Your task is to output the listing exactly, leaving every image out.

*Data section*
▽

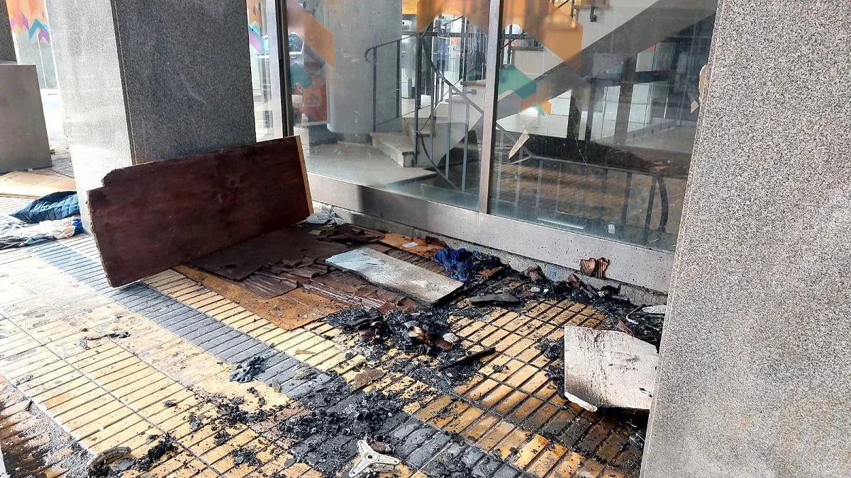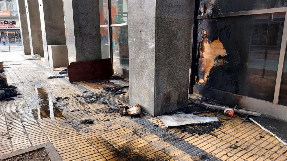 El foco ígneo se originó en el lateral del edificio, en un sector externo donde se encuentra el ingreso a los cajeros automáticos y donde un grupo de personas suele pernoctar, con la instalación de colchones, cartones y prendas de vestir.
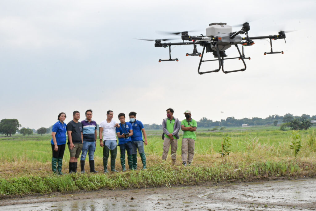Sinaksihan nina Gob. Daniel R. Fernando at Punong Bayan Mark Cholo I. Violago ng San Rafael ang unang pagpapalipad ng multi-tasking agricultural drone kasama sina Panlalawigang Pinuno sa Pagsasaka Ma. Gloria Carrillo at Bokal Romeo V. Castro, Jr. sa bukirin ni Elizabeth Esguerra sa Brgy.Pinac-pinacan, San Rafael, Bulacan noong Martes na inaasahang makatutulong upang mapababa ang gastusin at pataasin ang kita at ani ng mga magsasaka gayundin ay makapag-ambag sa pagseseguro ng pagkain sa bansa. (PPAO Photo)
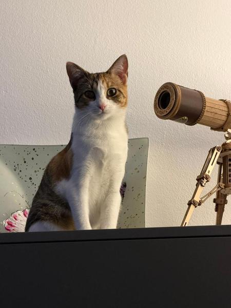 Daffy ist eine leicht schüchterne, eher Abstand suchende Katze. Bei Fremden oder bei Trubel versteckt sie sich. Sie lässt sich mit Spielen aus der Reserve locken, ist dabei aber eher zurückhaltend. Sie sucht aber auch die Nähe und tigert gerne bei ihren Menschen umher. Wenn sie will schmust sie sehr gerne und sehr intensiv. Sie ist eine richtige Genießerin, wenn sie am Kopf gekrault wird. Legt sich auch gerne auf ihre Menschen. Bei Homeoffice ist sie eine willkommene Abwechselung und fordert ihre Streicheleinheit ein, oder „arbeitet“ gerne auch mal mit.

△

*Response area*
 El foco ígneo se originó en el lateral del edificio, en un sector externo donde se encuentra el ingreso a los cajeros automáticos y donde un grupo de personas suele pernoctar, con la instalación de colchones, cartones y prendas de vestir.
Sinaksihan nina Gob. Daniel R. Fernando at Punong Bayan Mark Cholo I. Violago ng San Rafael ang unang pagpapalipad ng multi-tasking agricultural drone kasama sina Panlalawigang Pinuno sa Pagsasaka Ma. Gloria Carrillo at Bokal Romeo V. Castro, Jr. sa bukirin ni Elizabeth Esguerra sa Brgy.Pinac-pinacan, San Rafael, Bulacan noong Martes na inaasahang makatutulong upang mapababa ang gastusin at pataasin ang kita at ani ng mga magsasaka gayundin ay makapag-ambag sa pagseseguro ng pagkain sa bansa. (PPAO Photo)
 Daffy ist eine leicht schüchterne, eher Abstand suchende Katze. Bei Fremden oder bei Trubel versteckt sie sich. Sie lässt sich mit Spielen aus der Reserve locken, ist dabei aber eher zurückhaltend. Sie sucht aber auch die Nähe und tigert gerne bei ihren Menschen umher. Wenn sie will schmust sie sehr gerne und sehr intensiv. Sie ist eine richtige Genießerin, wenn sie am Kopf gekrault wird. Legt sich auch gerne auf ihre Menschen. Bei Homeoffice ist sie eine willkommene Abwechselung und fordert ihre Streicheleinheit ein, oder „arbeitet“ gerne auch mal mit.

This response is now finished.